Я стоял у заправки «Турбо-Юг», когда ребята из клуба «Кромешные» собрались в кольцо. Дюжина фар, бензиновая вуаль, раскалённые глушители. Они позвали меня в седло запасного «Спортстера», чтобы дать картинку изнутри. Договор прост: не мешаю колонне, фиксирую детали, не суечусь. Контур маршрута — окружная плюс заброшенный карьёр — длина шестьдесят два километра, темп крейсерский, средняя крейсерская — девяносто семь.

байкеры

Маршрут ночного рейда

С первой минутой позади осталась заправка и привычный литой свет фонарей. Асфальт будто сделал глубокий вдох: после дневной жары поверхность покрылась тонкой влагой. Спидометр колебался в районе сотни, а в ушах свистел перистрем, звук ветра между шлемом и кожей, измеряемый анемометрией — дисциплиной летчиков, ныне любителей скорости. Время 22:43, температура двадцать один, влажность восемьдесят два, эти цифры пригодятся при поствольтовом анализе ДТП.
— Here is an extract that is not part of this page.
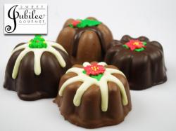 The new mini bundt cakes will be offered in a variety of flavors, including Double Chocolate, Peanut Butter, Vanilla Bean and Chocolate Cherry. All are coated in rich dark or milk chocolate and hand-decorated with chocolate drizzle and holiday-themed royal icing adornments. “Each of these gorgeous little bundt cakes can be sliced to serve up to 4, so they will be a truly unique and affordable gift for the holiday season,” says Krulac.

Первый инцидент выстрелил возле развязки «Якорь». Ведущий пилот «Капрал» дал левый поворот, но заднее колесо зализало разметку, покрытую мазутом с предыдущего дня. Лёгкий снос, траектория расползлась, реакция — короткий бакфлип кистью газа. Колонна затормозила веером, я ощутил отдачу по рукам — стальной хлыст руля, словно игла кардиограммы. «Капрал» удержался, но его грипсы залили потом. Всё заняло шесть секунд, а сердце отмерило, будто, час.

Неожиданный занос

На тридцать третьем километре нас догнал «Опелевский» седан без заднего номера. Водитель сел в слепую зону колонны, баловался ближним дальним. Члены «Кромешных» обозначили «коридор банши»: два крайних мотоцикла закрыли фары, дали водителю понять, что манёвр опасен. Термин этот, к слову, взят из старого фольклора стритрейсеров и обозначает заслон для неадекватного участника потока. Машина покинула наш строй так же внезапно, как появилась. Я успел заметить в салоне сияние смартфона.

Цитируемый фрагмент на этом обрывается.